All of the data that follows is to be printed exactly, without pictures.

### Extracted material ###

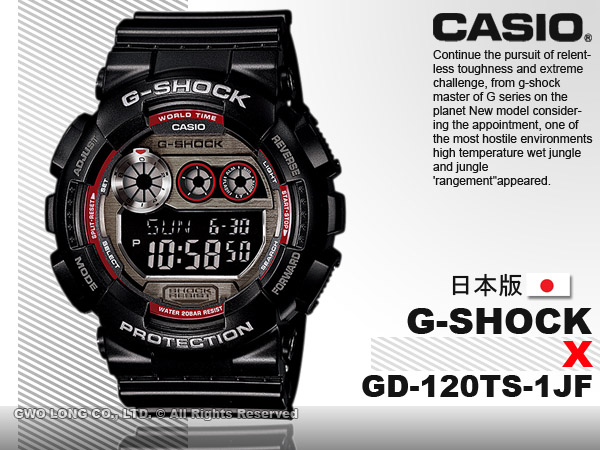 GD-120TS-1JF 日系款 CASIO G-SHOCK 數字電子錶 橡膠錶帶 防水200米
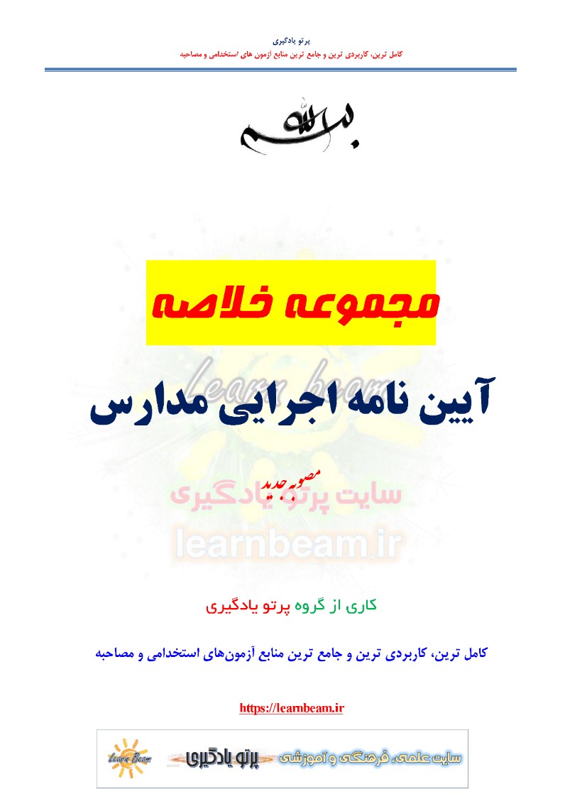 مجموعه خلاصه آیین نامه اجرایی مدارس در 34 صفحه در قالب فایل pdf
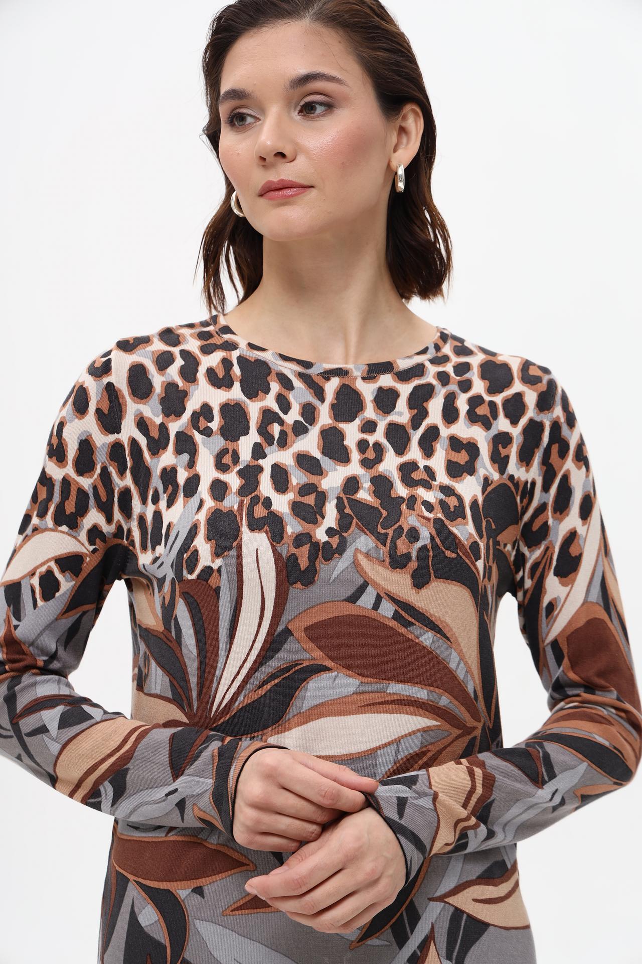 Стильный пуловер Betty Barclay станет ярким акцентом в вашем гардеробе, объединяя комфорт и модные тенденции. Изысканное сочетание анималистического леопардового принта в верхней части и абстрактного растительного узора в коричневых, бежевых и серых тонах создает уникальный, выразительный образ. Этот женский пуловер идеально подходит для создания как повседневных, так и более элегантных комплектов, обеспечивая безупречный стиль и уверенность.
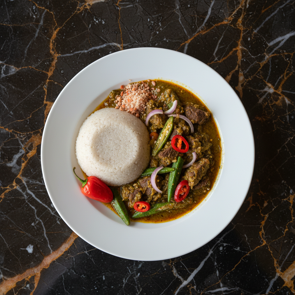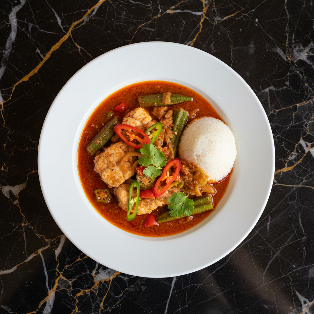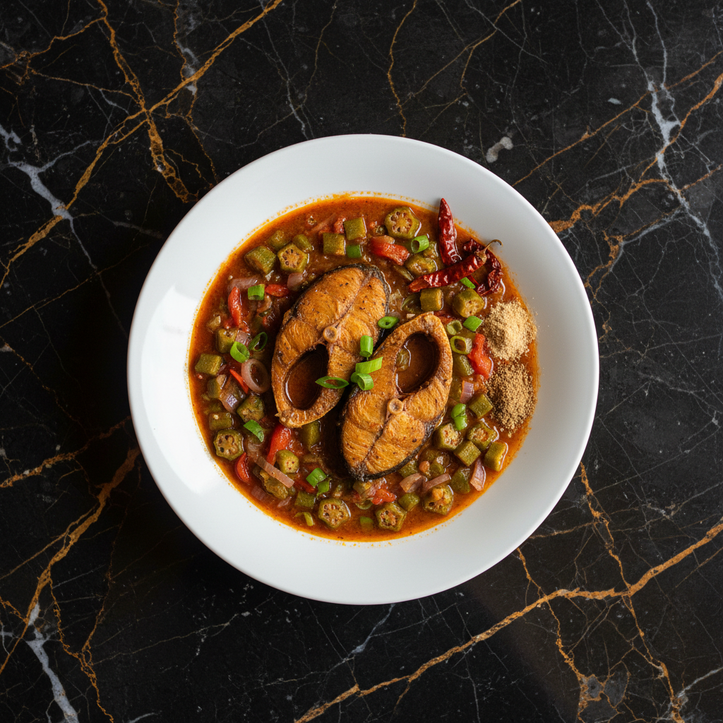 Fetri Detsi, a traditional Ewe dish from the Volta Region of Ghana, is a flavorful okra soup often prepared without oil, highlighting the natural flavors of its ingredients. This version features smoked tilapia, adding a deep, savory dimension to the okra and a medley of aromatic spices.
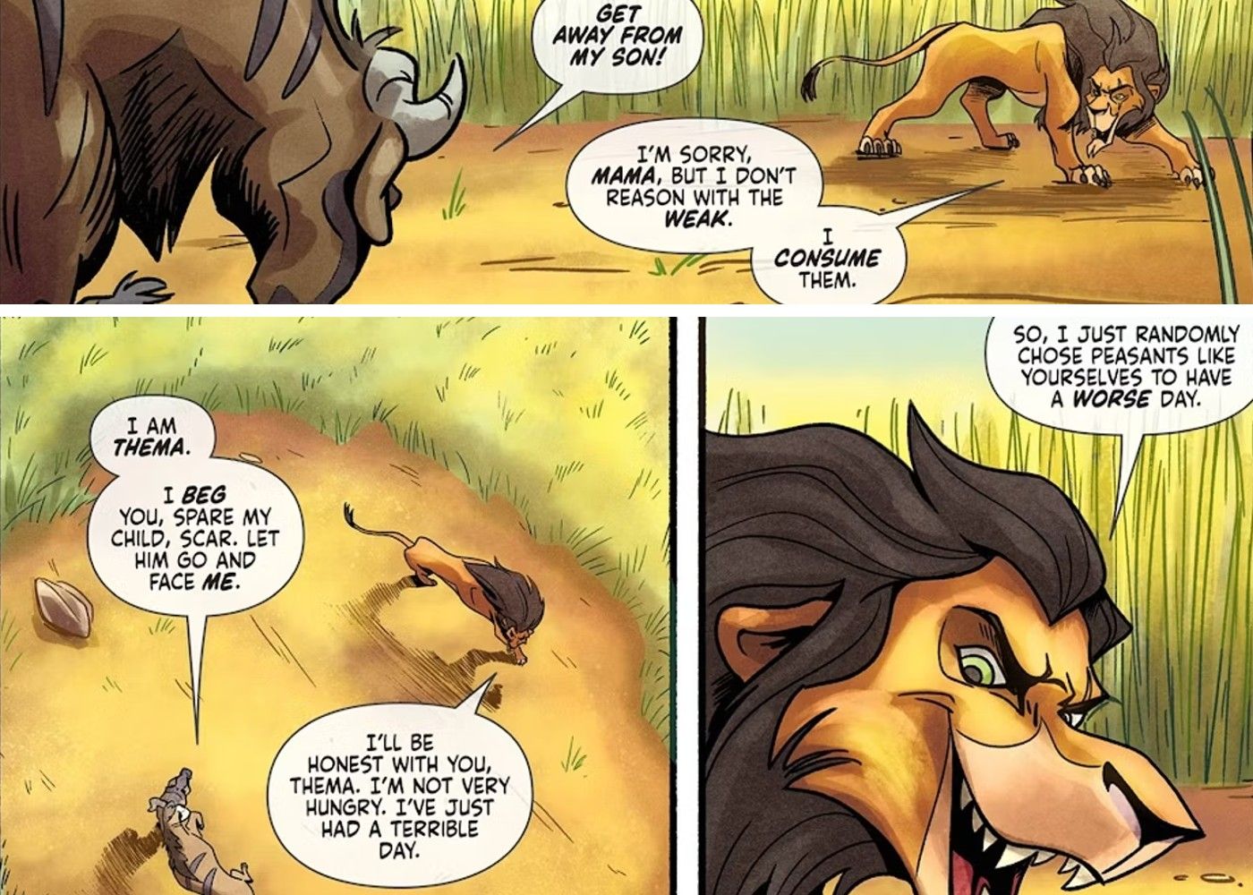 En la película original, la gran mayoría de los animales de presa (a excepción de Zazú, Timón y Pumba) son retratados como menos inteligentes que sus depredadores. Los leones tienen rostros exagerados y expresivos, pero las cebras, los antílopes y las jirafas están dibujados de una manera más natural, al menos en la primera película, y especialmente durante El circulo de la vida. Esto ayuda a minimizar la implicación de que cuando los leones matan y comen, están apuntando a seres que comparten sus intelectos de nivel humano. Sin embargo, Villanos de Disney: Cicatriz #1 lleva a casa que este es definitivamente el caso, ya que el joven ñu llama a su madre, quien luego ruega por la vida de su hijo.

###

__Task answer__.
 GD-120TS-1JF 日系款 CASIO G-SHOCK 數字電子錶 橡膠錶帶 防水200米
 مجموعه خلاصه آیین نامه اجرایی مدارس در 34 صفحه در قالب فایل pdf
 Стильный пуловер Betty Barclay станет ярким акцентом в вашем гардеробе, объединяя комфорт и модные тенденции. Изысканное сочетание анималистического леопардового принта в верхней части и абстрактного растительного узора в коричневых, бежевых и серых тонах создает уникальный, выразительный образ. Этот женский пуловер идеально подходит для создания как повседневных, так и более элегантных комплектов, обеспечивая безупречный стиль и уверенность.
 Fetri Detsi, a traditional Ewe dish from the Volta Region of Ghana, is a flavorful okra soup often prepared without oil, highlighting the natural flavors of its ingredients. This version features smoked tilapia, adding a deep, savory dimension to the okra and a medley of aromatic spices.
 En la película original, la gran mayoría de los animales de presa (a excepción de Zazú, Timón y Pumba) son retratados como menos inteligentes que sus depredadores. Los leones tienen rostros exagerados y expresivos, pero las cebras, los antílopes y las jirafas están dibujados de una manera más natural, al menos en la primera película, y especialmente durante El circulo de la vida. Esto ayuda a minimizar la implicación de que cuando los leones matan y comen, están apuntando a seres que comparten sus intelectos de nivel humano. Sin embargo, Villanos de Disney: Cicatriz #1 lleva a casa que este es definitivamente el caso, ya que el joven ñu llama a su madre, quien luego ruega por la vida de su hijo.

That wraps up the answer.